***** Provided entries *****

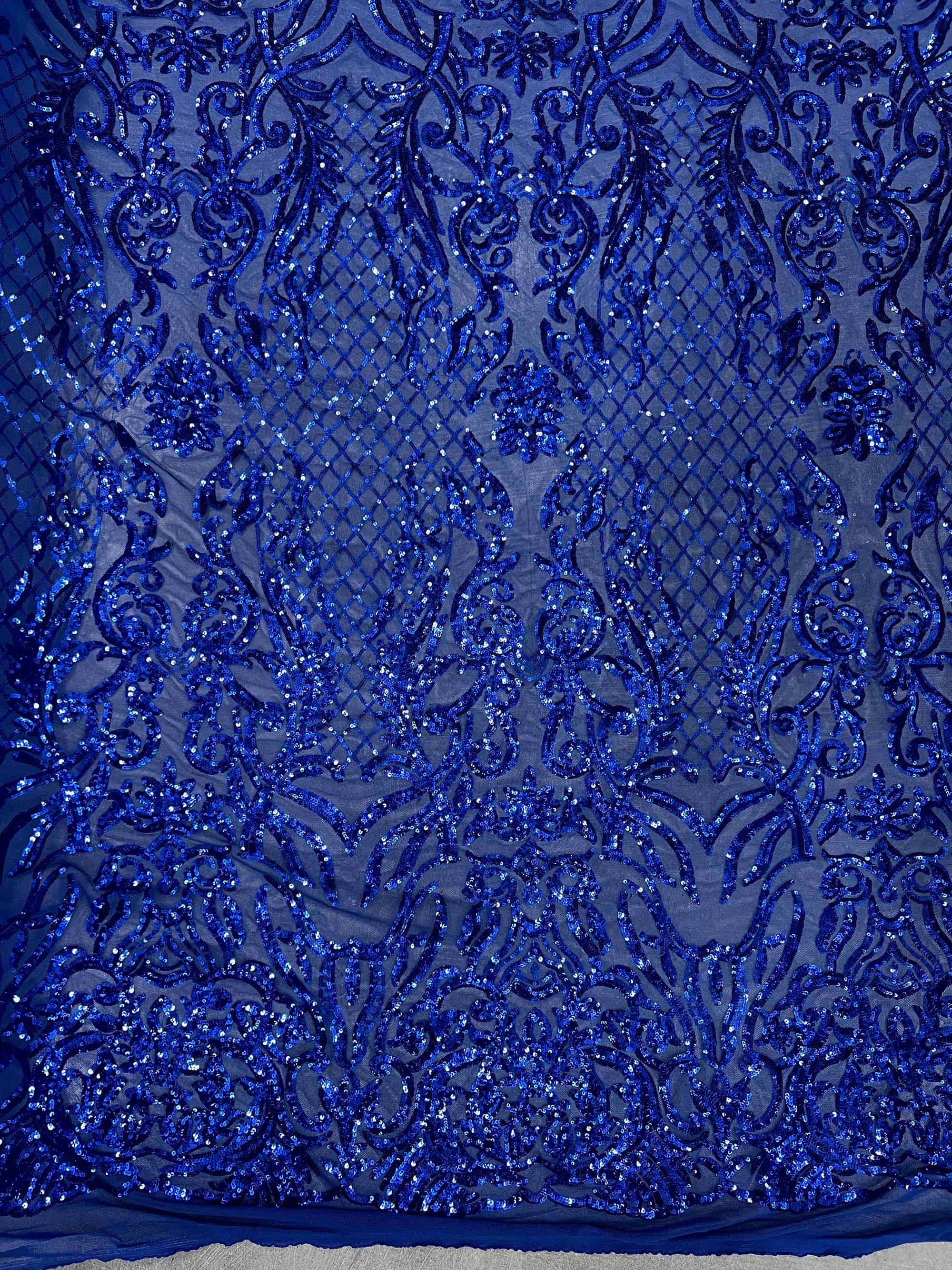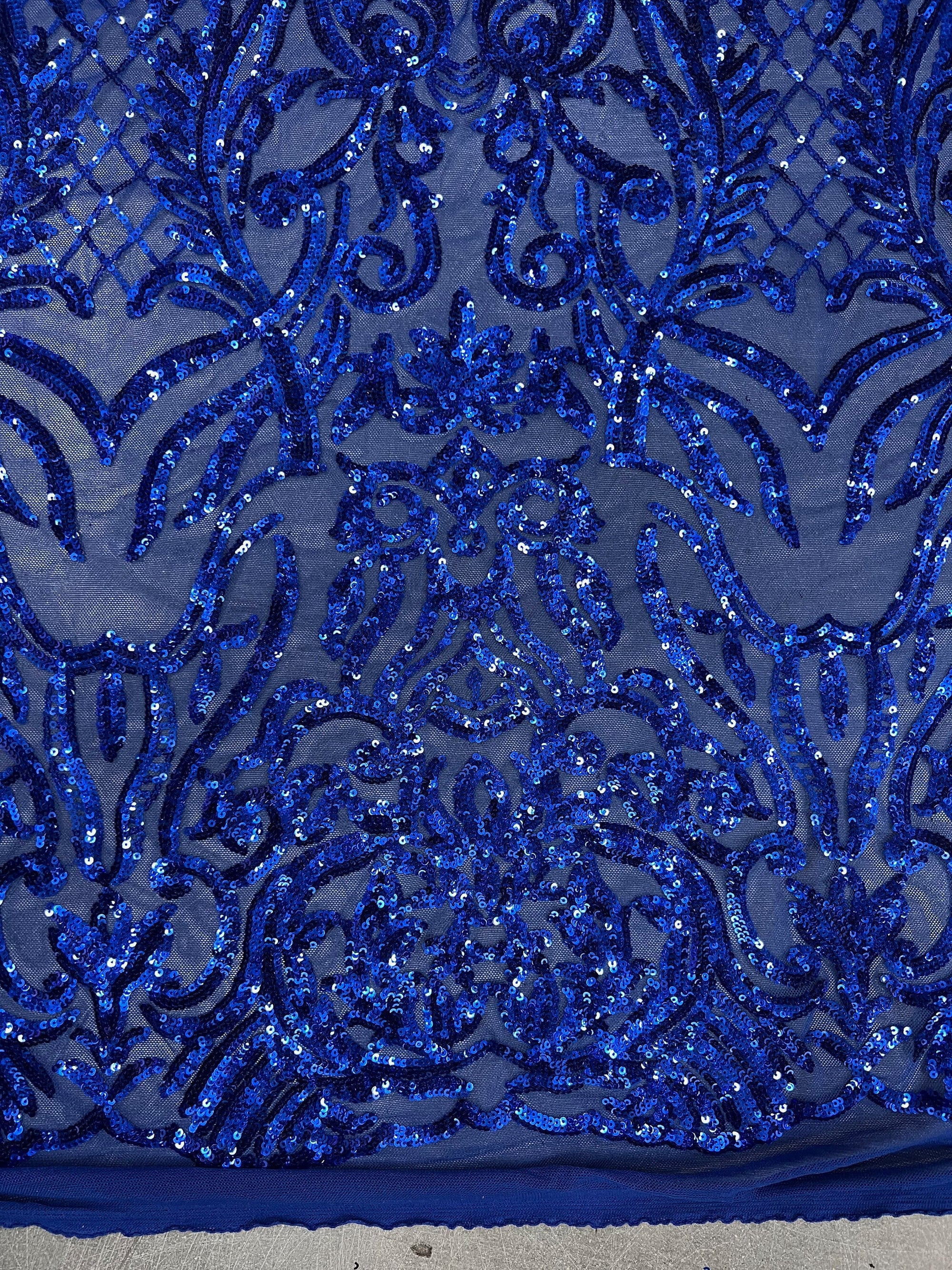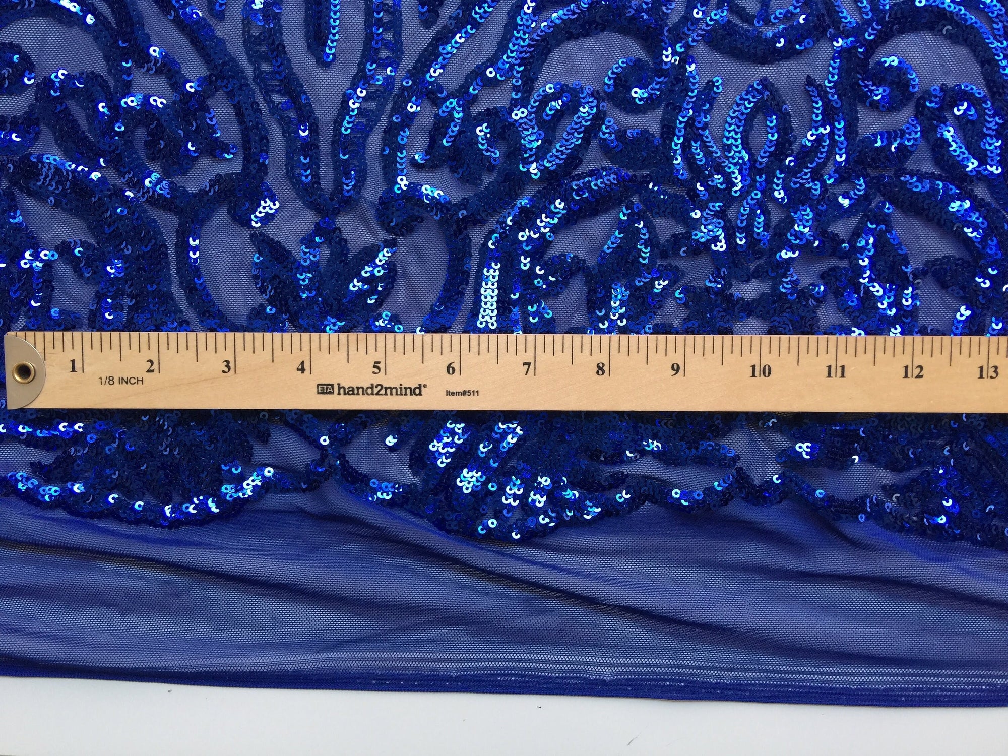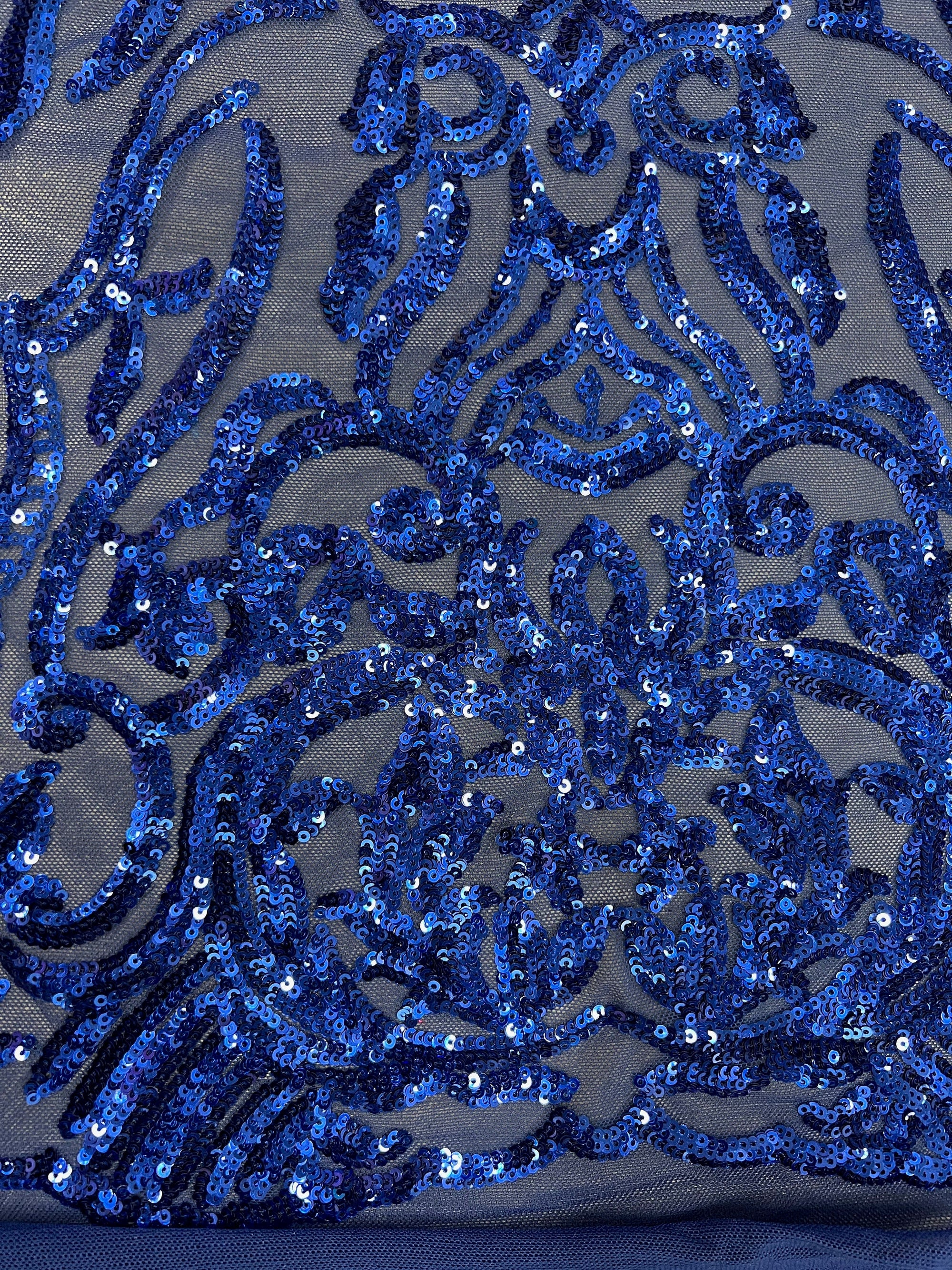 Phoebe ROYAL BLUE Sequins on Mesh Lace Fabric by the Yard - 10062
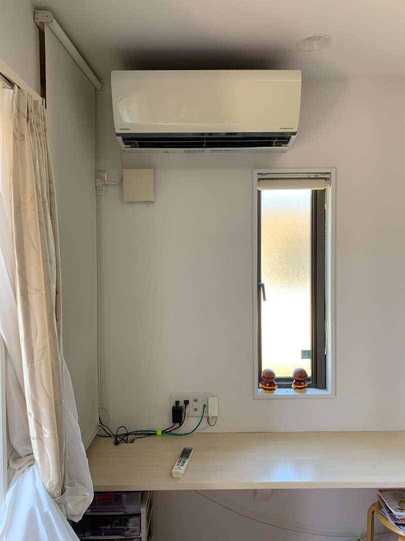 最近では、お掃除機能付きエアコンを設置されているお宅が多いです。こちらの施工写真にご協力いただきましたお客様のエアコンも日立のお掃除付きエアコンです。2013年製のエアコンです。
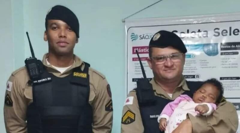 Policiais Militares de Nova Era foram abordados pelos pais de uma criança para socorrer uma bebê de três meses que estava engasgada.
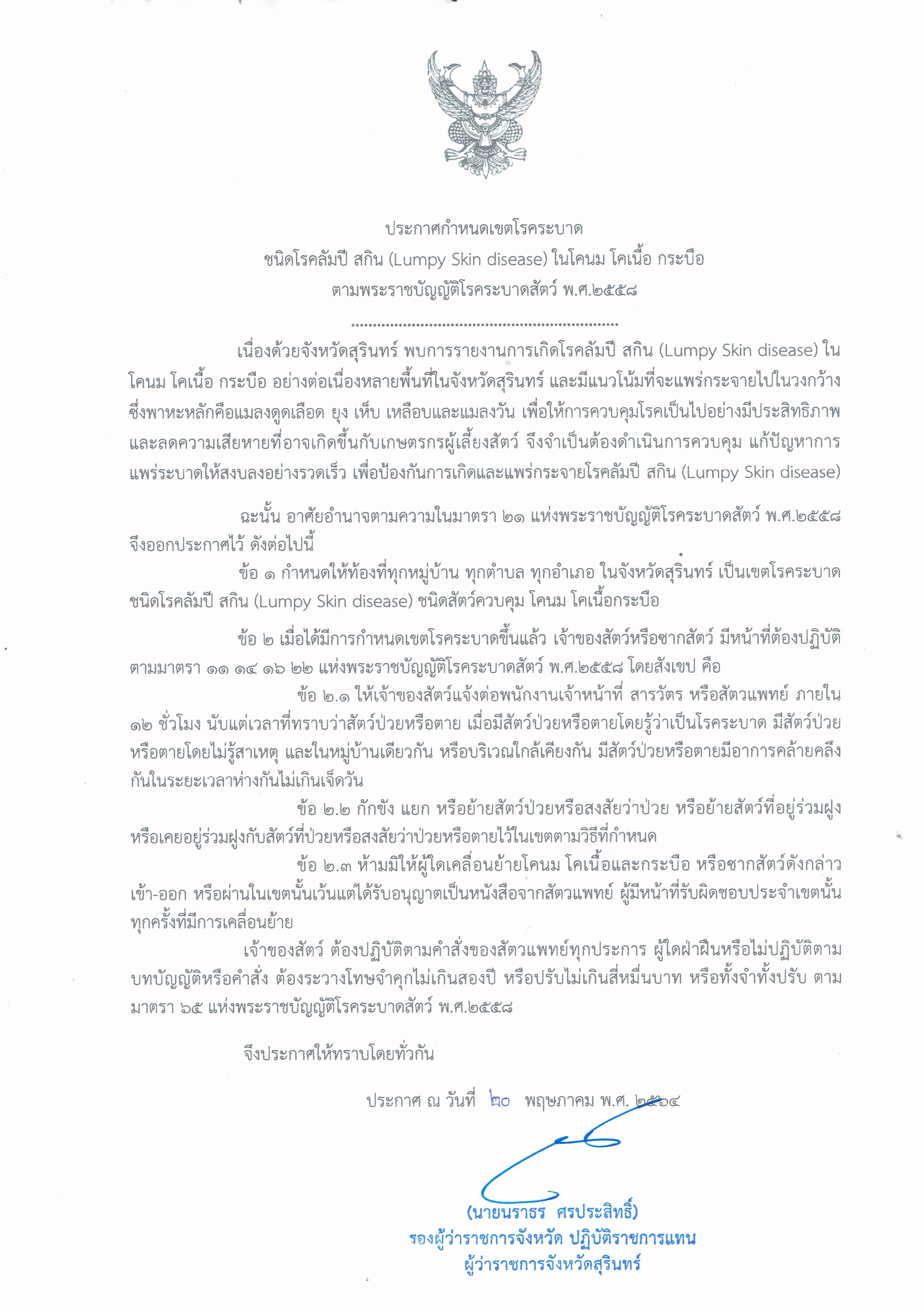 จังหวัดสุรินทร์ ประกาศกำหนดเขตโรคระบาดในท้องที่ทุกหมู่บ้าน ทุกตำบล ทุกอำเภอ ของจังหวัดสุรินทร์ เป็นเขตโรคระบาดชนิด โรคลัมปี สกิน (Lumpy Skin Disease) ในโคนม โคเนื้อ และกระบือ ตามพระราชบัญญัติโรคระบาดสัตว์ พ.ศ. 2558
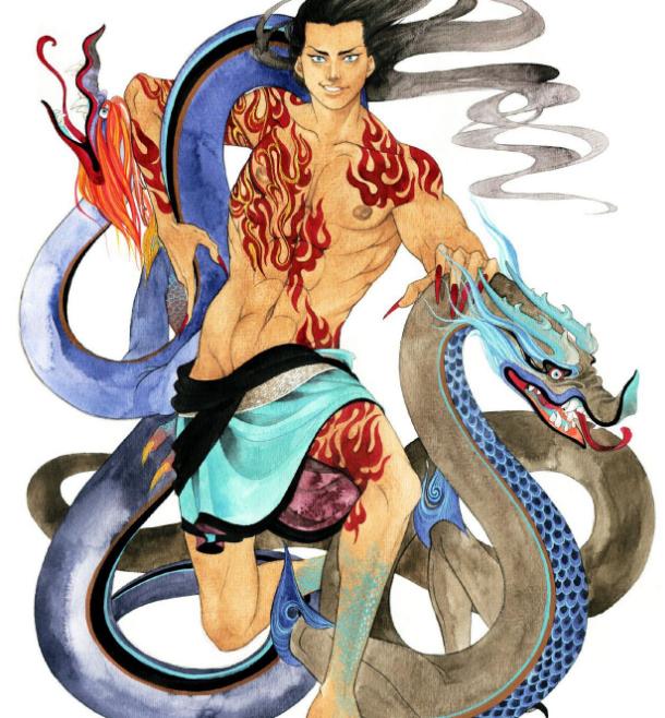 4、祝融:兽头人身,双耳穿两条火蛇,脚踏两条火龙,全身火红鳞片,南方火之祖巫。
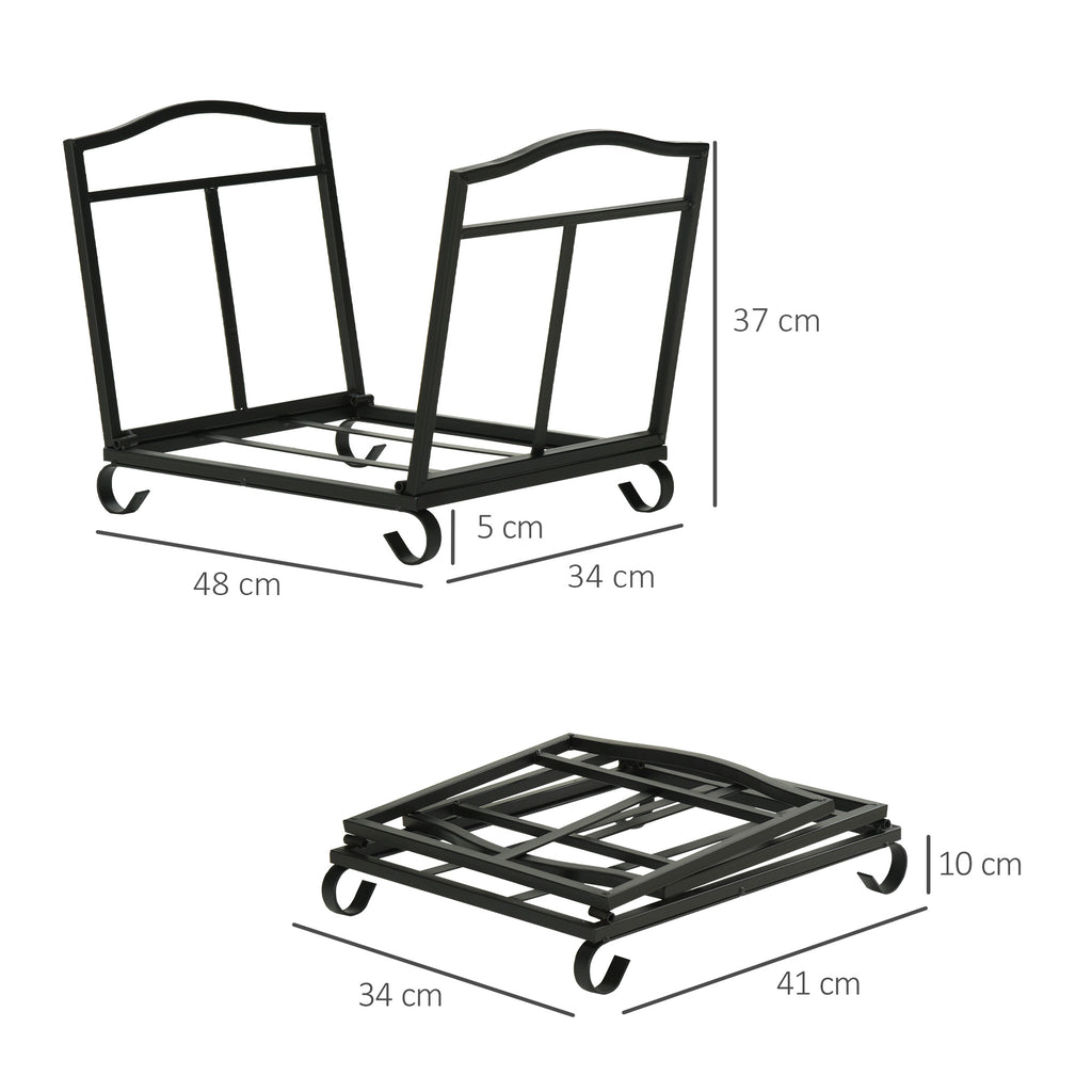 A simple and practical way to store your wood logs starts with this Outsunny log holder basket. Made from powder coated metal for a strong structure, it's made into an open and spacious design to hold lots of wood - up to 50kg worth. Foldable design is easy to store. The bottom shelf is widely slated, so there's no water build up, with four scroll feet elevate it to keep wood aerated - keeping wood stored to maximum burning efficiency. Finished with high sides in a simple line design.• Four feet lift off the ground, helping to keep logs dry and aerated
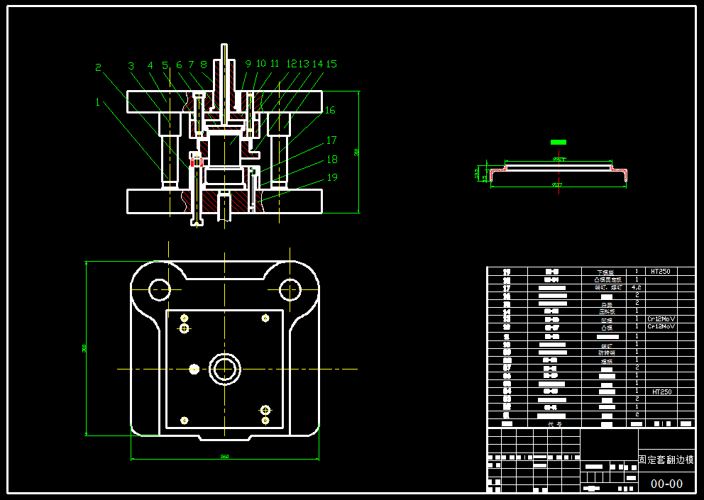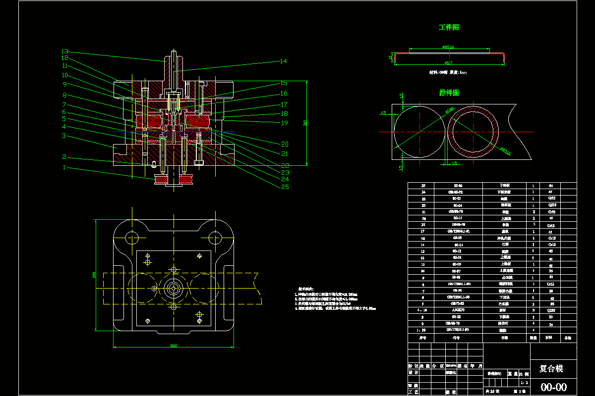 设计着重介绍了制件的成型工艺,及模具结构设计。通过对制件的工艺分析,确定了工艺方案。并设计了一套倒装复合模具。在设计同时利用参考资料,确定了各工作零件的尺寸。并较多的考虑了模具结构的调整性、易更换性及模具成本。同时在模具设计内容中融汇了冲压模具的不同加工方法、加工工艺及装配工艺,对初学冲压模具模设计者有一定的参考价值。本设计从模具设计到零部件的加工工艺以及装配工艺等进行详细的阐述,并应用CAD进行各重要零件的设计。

*****

Starting with the line that holds "A simple and", return each line exactly through the final line of the entries above; pictures are not part of the output.

 A simple and practical way to store your wood logs starts with this Outsunny log holder basket. Made from powder coated metal for a strong structure, it's made into an open and spacious design to hold lots of wood - up to 50kg worth. Foldable design is easy to store. The bottom shelf is widely slated, so there's no water build up, with four scroll feet elevate it to keep wood aerated - keeping wood stored to maximum burning efficiency. Finished with high sides in a simple line design.• Four feet lift off the ground, helping to keep logs dry and aerated
 设计着重介绍了制件的成型工艺,及模具结构设计。通过对制件的工艺分析,确定了工艺方案。并设计了一套倒装复合模具。在设计同时利用参考资料,确定了各工作零件的尺寸。并较多的考虑了模具结构的调整性、易更换性及模具成本。同时在模具设计内容中融汇了冲压模具的不同加工方法、加工工艺及装配工艺,对初学冲压模具模设计者有一定的参考价值。本设计从模具设计到零部件的加工工艺以及装配工艺等进行详细的阐述,并应用CAD进行各重要零件的设计。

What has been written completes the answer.